Furthermore, electrochemical transducers allow their versatile tuning by modification with nanomaterials. Nanomaterials like nanofibers can easily be modified to bear different functionalities not only as part of the transducer but also for sample preparation, such as trapping interfering molecules prior to reaching the transducers.

Considering that strategies for sensitive and fast detection are available, have been well-studied. and rather well-understood as described in this article, efforts should now be oriented towards innovation needed for their commercialization as POC devices. The simplicity of the assay itself will need much attention as successful EC-LFAs must avoid additional steps. Inherently, electrochemical transducers benefit from inexpensive fabrication techniques, important for single-use devices. Sustainable production and disposal must be studied and may be not too challenging for carbon-based transducer materials.
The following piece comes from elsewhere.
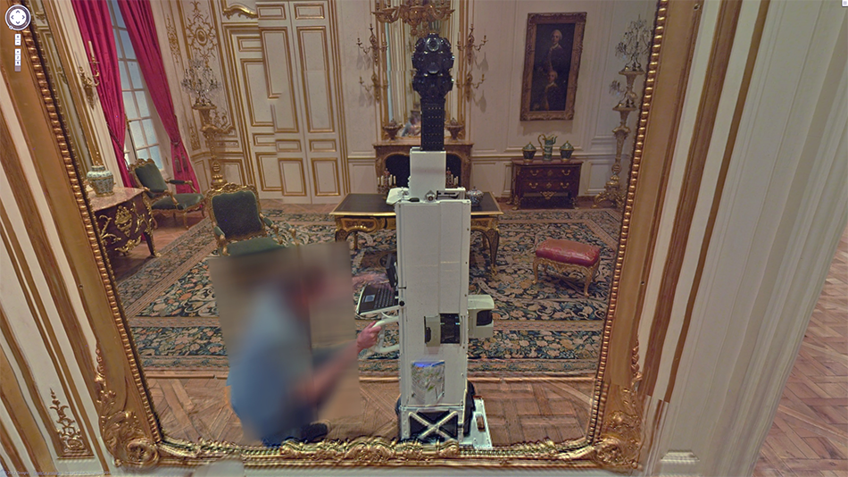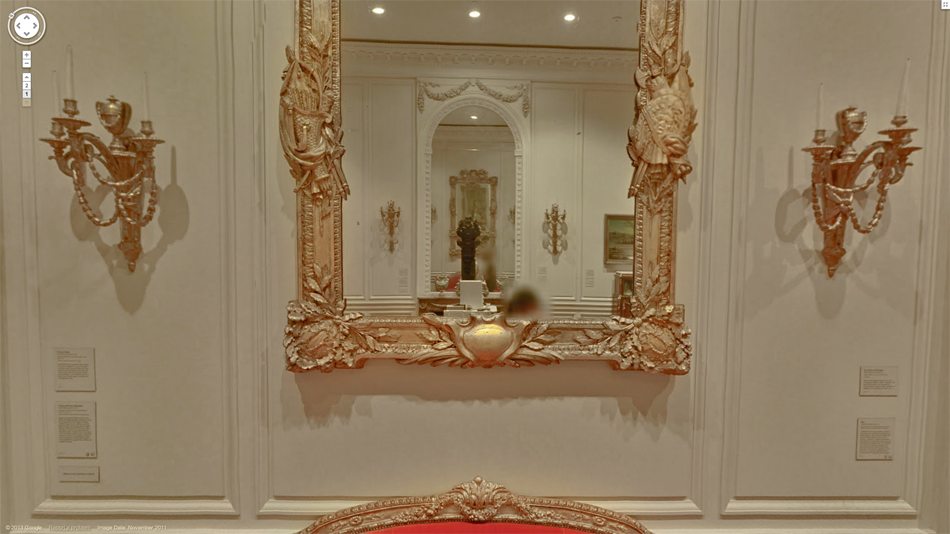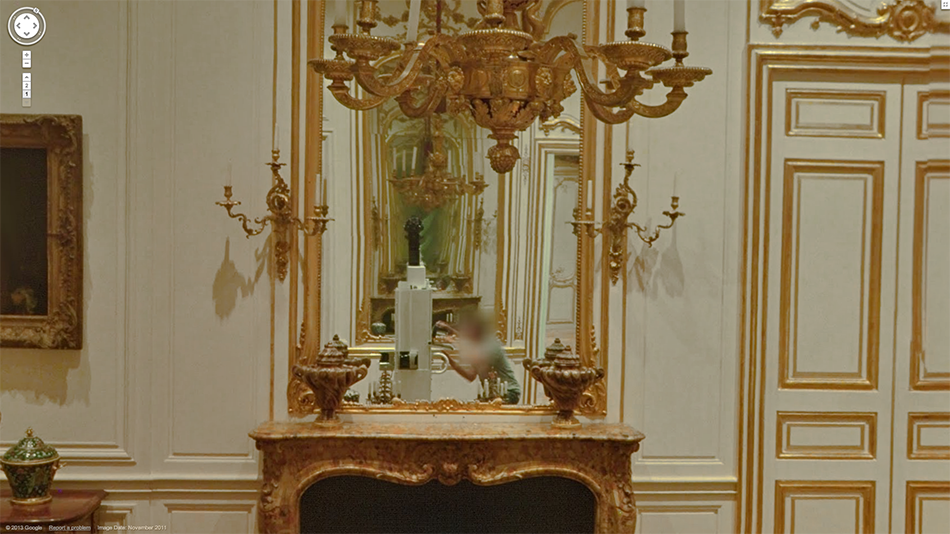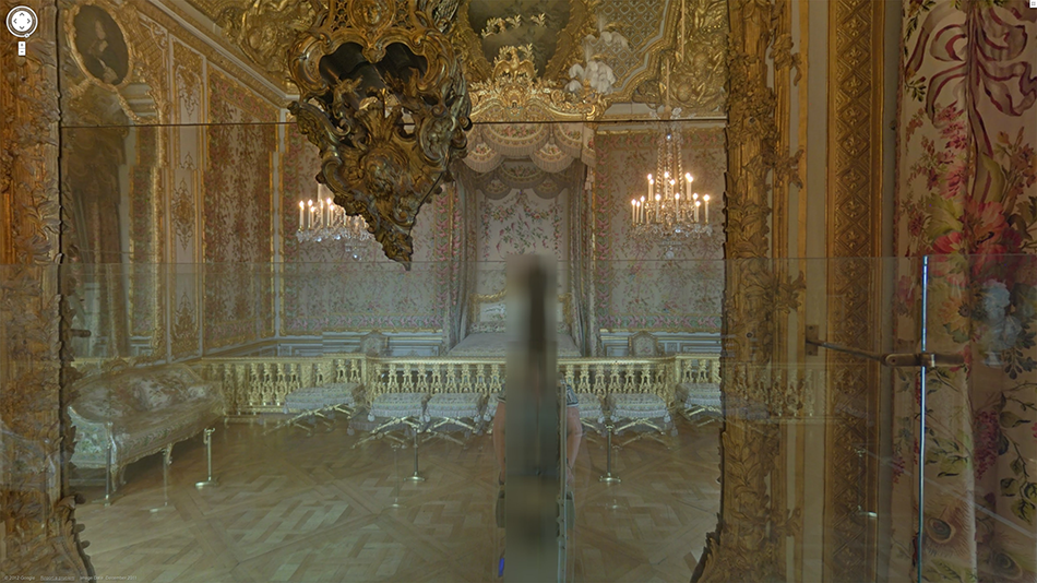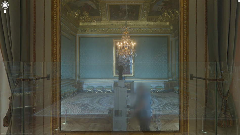 Mirrors Behind the Curtain reveals the self-censored workings of this all-seeing, all-knowing medium. The screenshots in this series are rare glimpses of Google’s elusive "Street View" camera, busy at work, virtualizing the interiors of different museums, castles, and institutions of power around the world. Unlike normal street view though, in which Google’s car and camera have been easily masked out, the museums’ and castles’ plethora of mirrors present a situation where Google cannot cover its tracks. These images are ambivalent portraits of the often invisible, panoptic power of Google’s observation.

Nowadays, it is obvious how bulky, expensive lab equipment can be replaced by small, handheld, and useful gadgets. An important example is the potentiostat, which was miniaturized and can now easily be plugged into a smartphone and used for measurement. Unique features make the implementation of high-performance sensors and thus adaptable to everyday life. With a simple Bluetooth connection, the potentiostat can be connected to the smartphone, which already accounts for high computing power similar with bench computers. This enables not only the possibility of home testing but also an easy display of the results, which can be automatically saved into a shared cloud or transferred immediately to doctors or data scientists. Additionally, in a suited application software machine learning can be encoded, which can make data analysis more accurate and can easily identify possible problems. Considering the great impact electrochemical transducers had on the point-of-care market such as in the glucose sensors, EC-LFAs will be able to harness all of the associated advancements and thus significantly improve the traditional lateral flow assay and hence further their success in point-of-care applications.